"Yes. Look!" He bent to the broken branch before him. His strong thighs tensed; the muscles of his back and shoulders corded with strain. Fresh perspiration broke from his pores as he strained to lift the tiny twig. Then his hands, white-knuckled and trembling, lifted clear; he looked at her again.

"It is so small," he said in a faint, hurt voice. "Yet I cannot lift it!"

Meg sprang to his side; bent to the twig. She was slim, a pale, golden shadow beside Daiv, but she was strong. Her hands grasped the rough bark; she lifted—

And fell forward, thrown completely off balance by that weight imponderable. Coarse soil rasped her knees, but she did not feel the pain. All lesser emotions were lost in the swift, superstitious fear that engulfed her.

"The forest is accursed, Daiv! We must flee!"

Hand in hand they raced wildly across the plain to the shelter of the woodland at its farther rim. The rays of the dying sun cast their shadows long before them, and a dry rattle of mirth seemed to rise from the tangle of unyielding twigs that bruised their feet....
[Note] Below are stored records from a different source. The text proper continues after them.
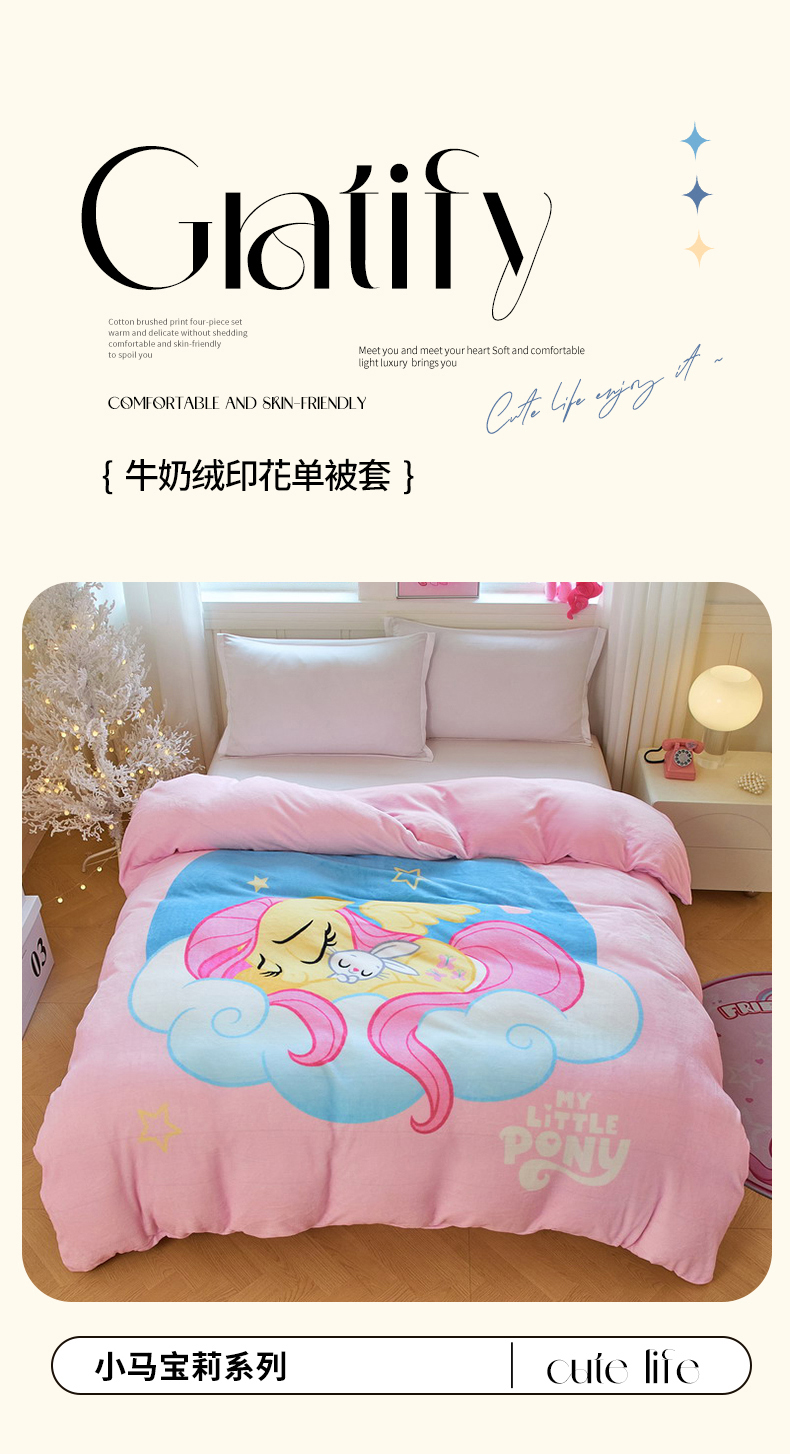 商品名称:蘭菲家纺 2025新款小马宝莉牛奶绒单被套 被套单件 晚安-宝莉
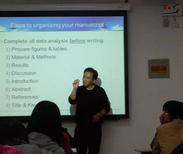 晚上八点,教四110已是座无虚席,在同学们热烈的掌声中,汪教授开始了他科技论文写作的讲解。教授先简述了科技论文的概念和结构,然后针对同学们在写论文时遇到的困难和容易犯的错误,对科技论文的各个结构做了详细的说明,包括在题目、摘要、正文、参考文献等各方面的注意事项。除了讲理论知识,汪教授还做了一些演示,让同学们更好理解。
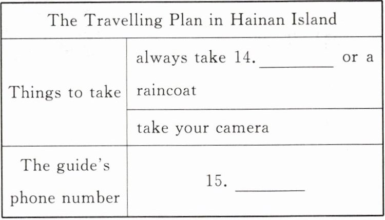 11. 7/Seven. 12. bus 13. hot and wet 14. an umbrella 15. 8539275
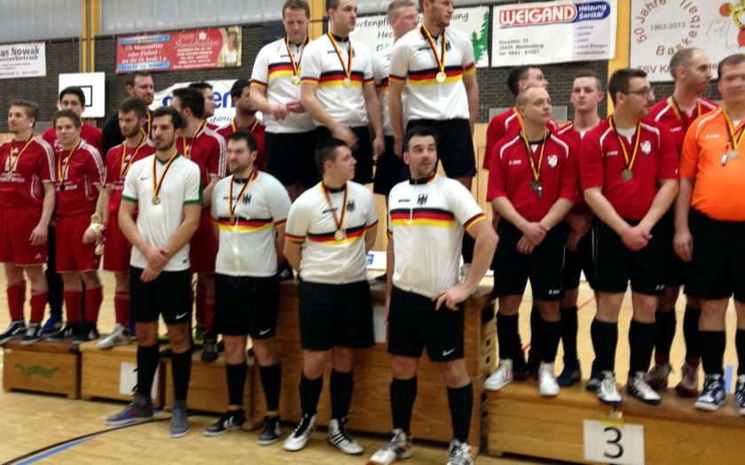 Waldrems musste zuerst schießen und Jascha Wagner im Tor der Teutonen parierte glänzend von halber Höhe. Der Krofdorfer Kapitän und sicherste Strafstoßschütze Sascha Götz trat als erster für die Wettenberger an. Sein platzierter Schuss von halber Höhe wurde vom Waldremser Schlussmann glücklich pariert. Nach wie vor stand es 0:0. Luca Wagner war der nächste Krofdorfer Schütze. Und wieder blieb der Tormann Sieger. Wagner schoss gut, doch der Torhüter hatte sich für die richtige Ecke entschieden. Nun war Waldrems wieder am Zug. Jascha Wagner rettete mit einer artistischen Reaktion und es blieb damit beim 0:0. Der Letzte Schütze konnte nun die Entscheidung bringen. Für Krofdorf trat Routinier Thomas Abel an. Er verwandelte sicher hinten hoch und alles was danach kam war grenzenloser Jubel. Endstand: Krofdorf – Waldrems 1:0 und der dritter Deutsche Meistertitel war in eigener Halle geschafft. (mw | Foto: Martin Wagner)
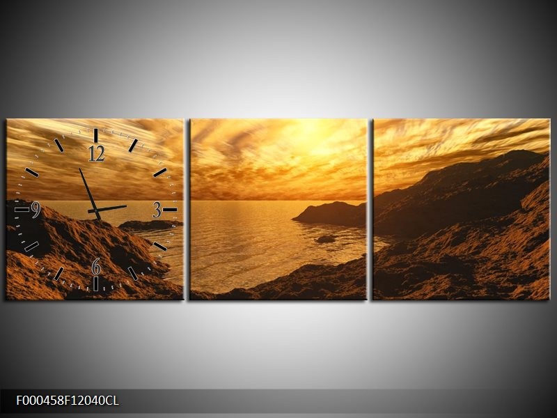 Klok schilderij Natuur | Bruin, Geel, Oranje | 120x40cm 3Luik
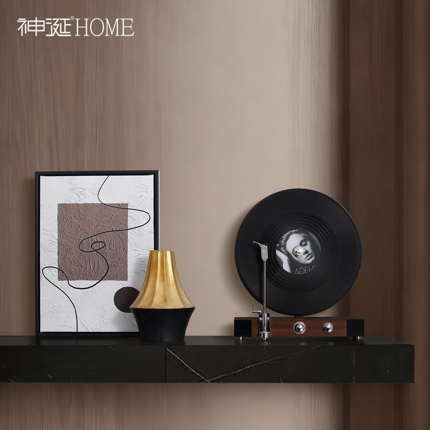 现代轻奢高级感留声机模型摆件复古立式唱片机别墅样板间软装饰品
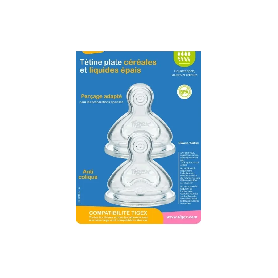 Las 2 Tetinas Transition para cereales de silicona de Tigex son la elección ideal para bebés de más de 6 meses que ya requieren un flujo rápido y una experiencia más adaptada a su ritmo. Su diseño ergonómico de cuello ancho favorece una transición natural del pecho al biberón, simulando al máximo la forma del pezón materno.
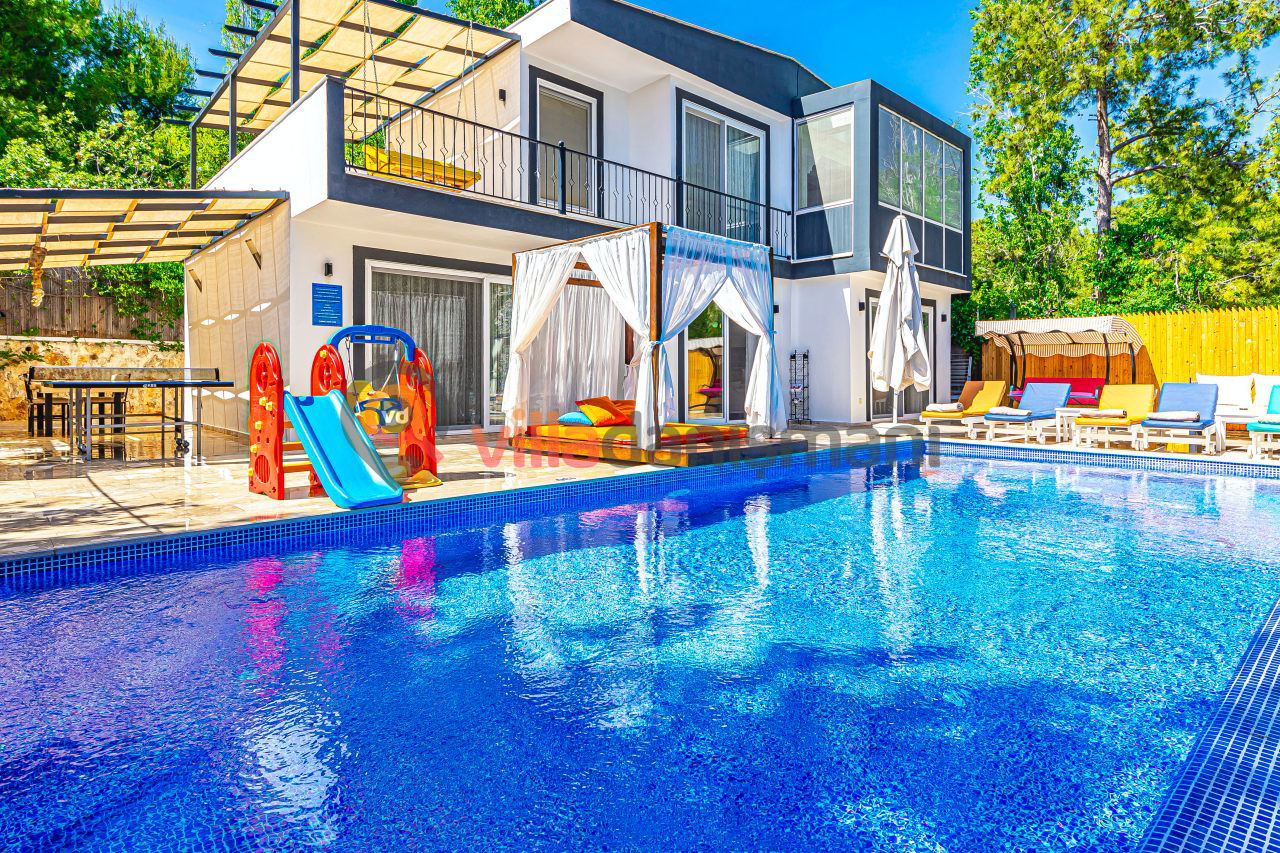 Antalya'nın eşsiz tatil beldelerinden birisi olan Kalkan'ın İslamlar mevkiinde bulunan 6 kişi kapasiteli, doğa ile iç içe, muhafazakar villalarımızdan biridir.
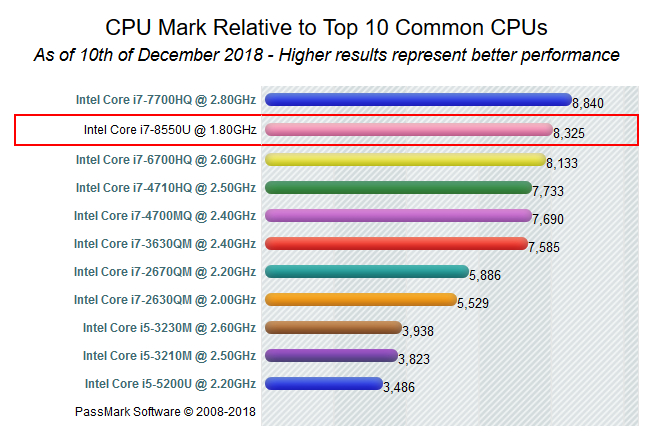 На всякий случай пробил по "Яндекс.Маркету", могу ли я получить что-то похожей стоимости другого производителя. На платформе Core i7-8550U (i7-8550U и i5-8250U - это 15-ваттные ноутбучные низковольтажные платформы) больше вообще ничего нет.
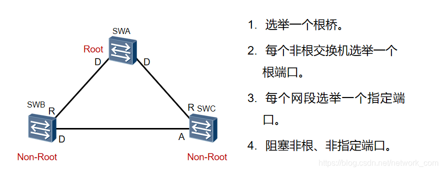 STP通过构造一棵树来消除交换网络中的环路。 每个STP网络中,都会存在一个根桥,其他交换机为非根桥。根桥或者根交换机位于整个逻辑树的根部,是STP网络的逻辑中心,非根桥是根桥的下游设备。当现有根桥产生故障时,非根桥之间会交互信息并重新选举根桥,交互的这种信息被称为BPDU。BPDU中包含交换机在参加生成树计算时的各种参数信息,后面会有详细介绍。
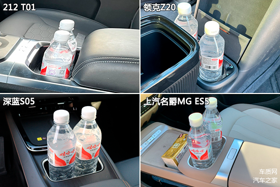 杯架测试中,虽然四款车型前后排均分别配备了2个杯架,但在限位器数量方面,领克Z20和上汽名爵MG ES5表现出色,四个杯架均有配备。而212 T01和深蓝S05仅前排杯架内配备了限位器。
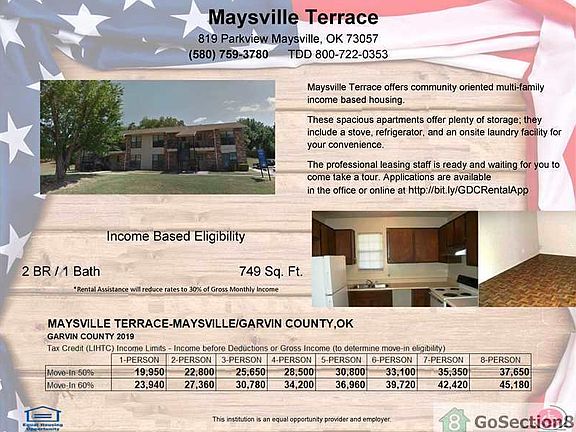 This 749 square foot townhome home has 2 bedrooms and 1.0 bathrooms. This home is located at 819 Parkview Dr, Maysville, OK 73057.
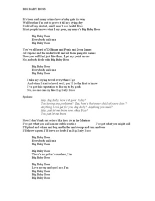 "Song lyrics for "Big Baby Boss" by Bill Gessner. Three pages which include typed lyrics, with alternative lyrics as well. However none of the pages include a date. The song references Big Baby Boss, and what he says to others.
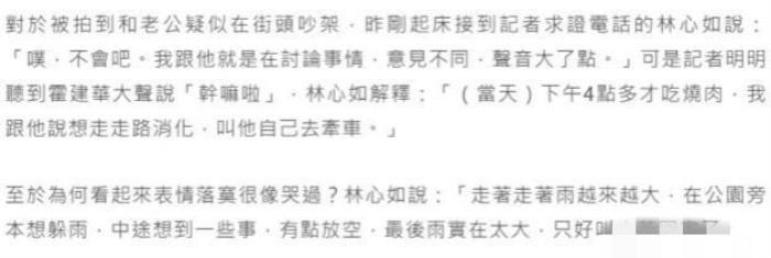 但面对外界的各种纷扰,林心如在电话中回复媒体表示当天两人在探讨事情,意见不一样,说话声音有点高,但不是在吵架,而两人分开走是因为她当天吃得很撑,想要走走消化一下,霍建华则一个人开车回家。
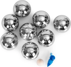 Топките от хромирана стомана съчетават издръжливост и елегантен вид. Три различни накатени шарки позволяват бързо различаване по време на игра. Добавеният мерителен шнур помага прецизно да определите кой е по-близо – честна игра без спорове.
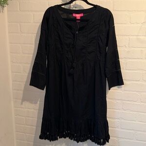 Catherine Malandrino dress black boho peasant tassel front & trim detail cotton
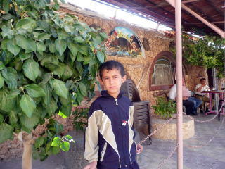 | 標高1650メートルの小高い山に登る途中、小さな喫茶店でアラム語で歌ってくれる少年がいました。そこから聖サルキス教会とそのドームが見えています。 |
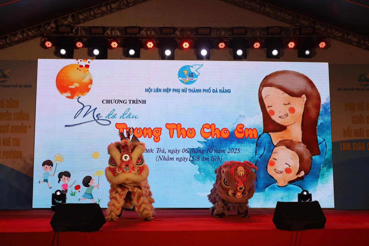 Chương trình mang đến cho các em một mùa Trung thu trọn vẹn niềm vui, với các tiết mục múa lân, văn nghệ, phá cỗ, trông trăng cùng chị Hằng và những món quà yêu thương.
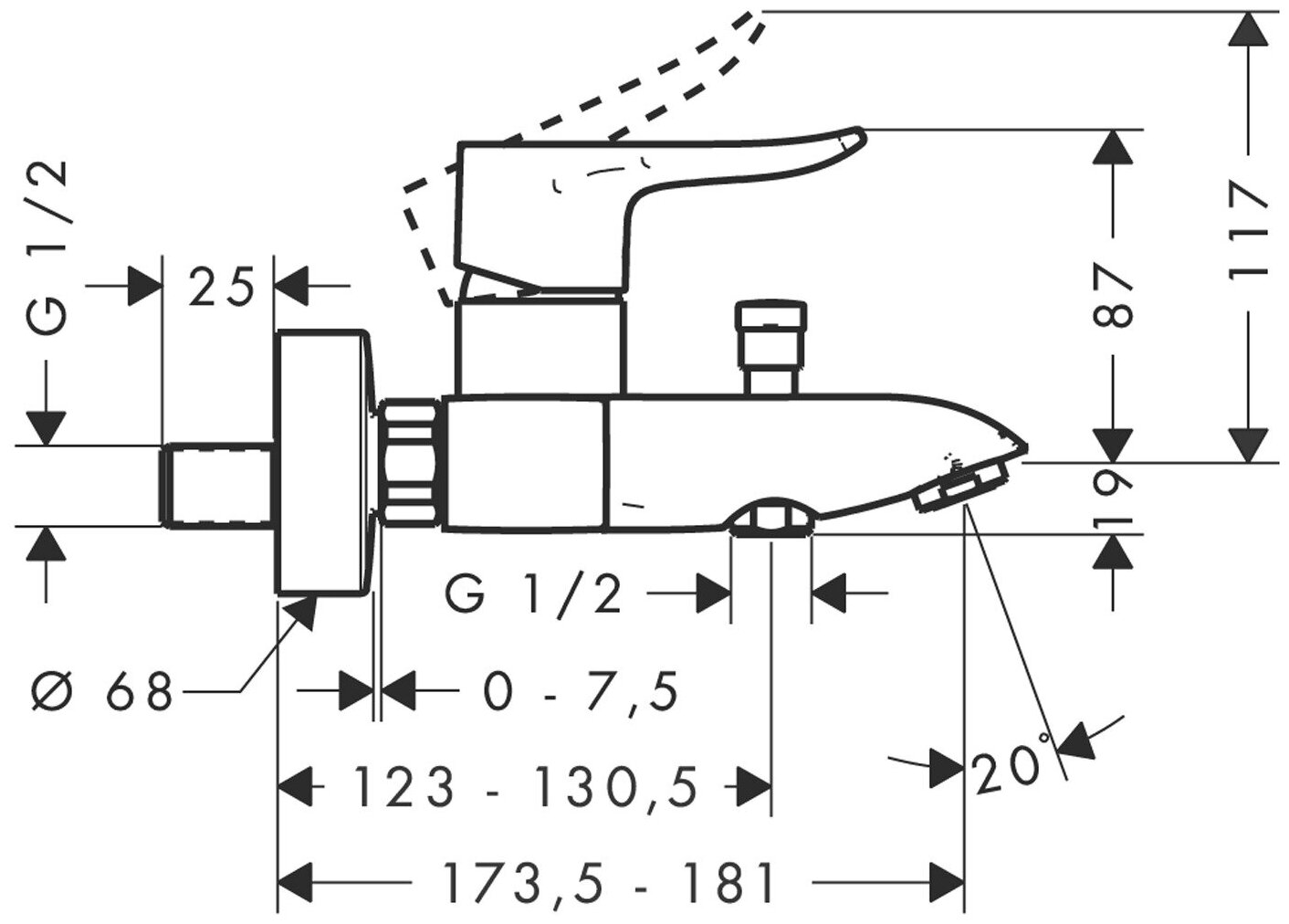 Смеситель Hansgrohe Metris 31480000 для ванны/душа настенный, однозахватный
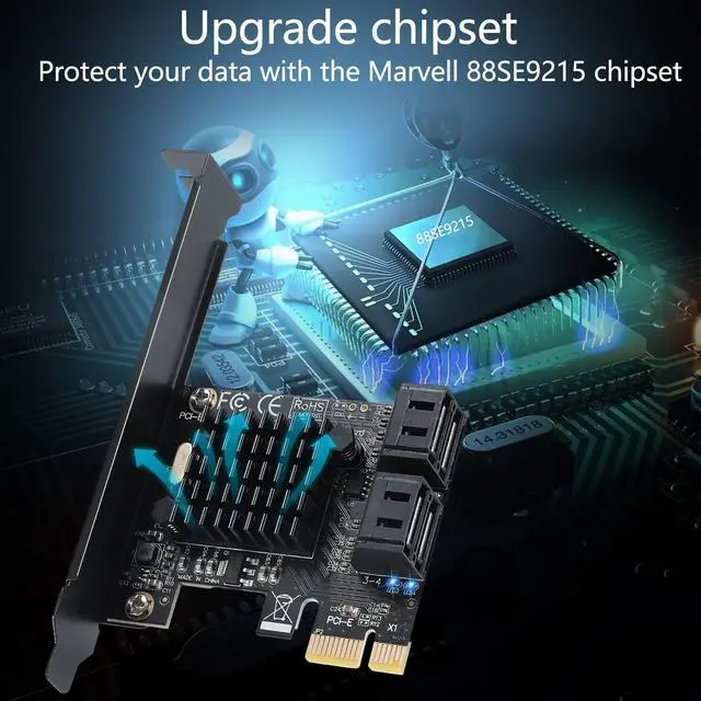 Security and stability: Marvell 88SE9215 chipset to improve the stability and security of PCIE SATA cards. A heatsink is included for good temperature control to prevent damage caused by high temperatures.
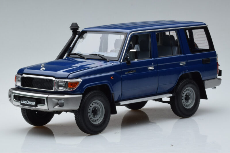 The Toyota Land Cruiser J76 Sininen Almost Real 1:18 is crafted from Metalli. Die-cast zinc alloy body with detailed plastic parts, rubber tires, and high-quality paint finish. Die-cast models are known for their weight, durability, and realistic feel.
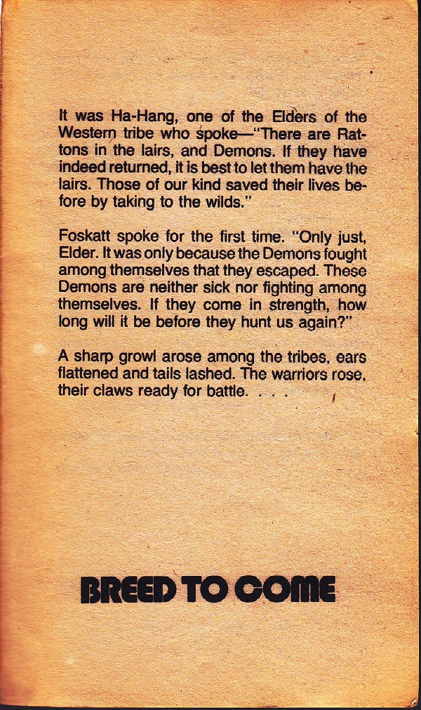 This particular title, set in the future, examines the aftermath of a planetary disaster involving a devastating virus. Leaving behind a ruined planet, humans took off for greener pastures. In the mess of what was left, a band of cats evolved into a complex, intelligent society. The humans, referred to as the Demons, have now returned. What will happen to this society and the peaceful earth now that the humans have returned?
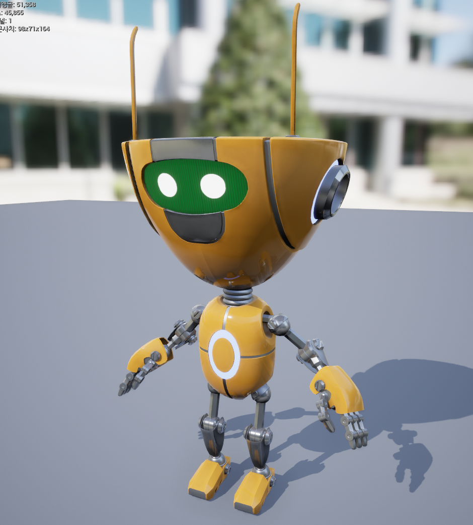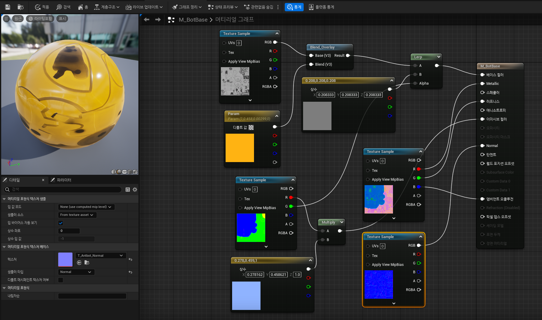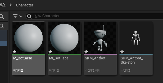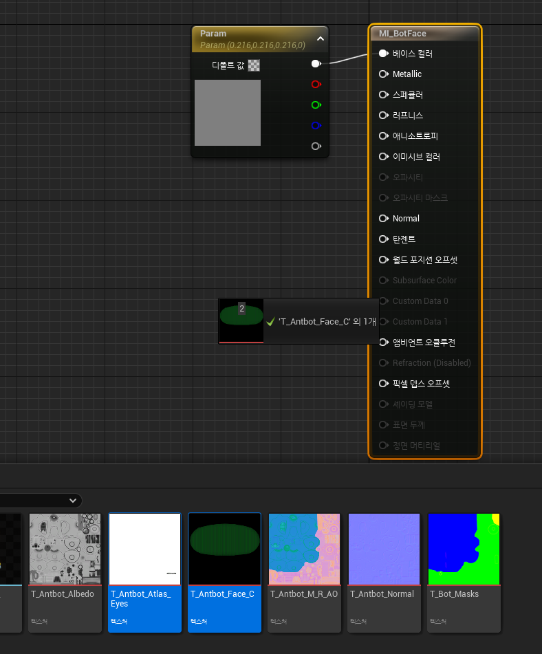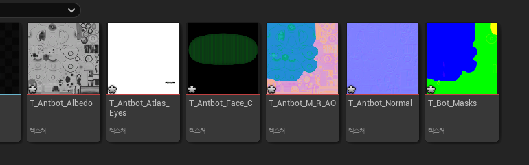 이어서 캐릭터에 입힐 머티리얼을 생성. 텍스쳐들을 임포트 해야함. 알베도, 눈 얼굴, 노멀, 마스크 등... T_Andbot_M_R_AO 텍스쳐는 각 RGB채널마다 Metalness, Roughness, AO 정보를 나눠 담고 있습니다. BotBase 머티리얼과 BotFace 머티리얼 둘 다 작업 해줘야.
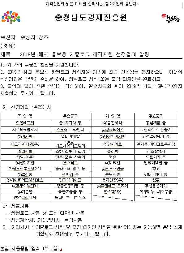 2019 해외홍보용 외국어 카탈로그 제작지원 선정기업 알림 공고

Meg dreamed fear-dreams that night. She was lost in a jungle of trees hard as bone; as she fled beneath them, these trees groaned and toppled toward her, their motionless branches clutching like skeletal fingers. She moaned, cried Daiv's name—then wakened to find him leaning over her anxiously.

"Meg! Listen!"

In the cool morning the sound carried clearly to Meg's ears. A human voice, high-pitched in hideous screaming. A hoarse, grating voice. Meg shuddered.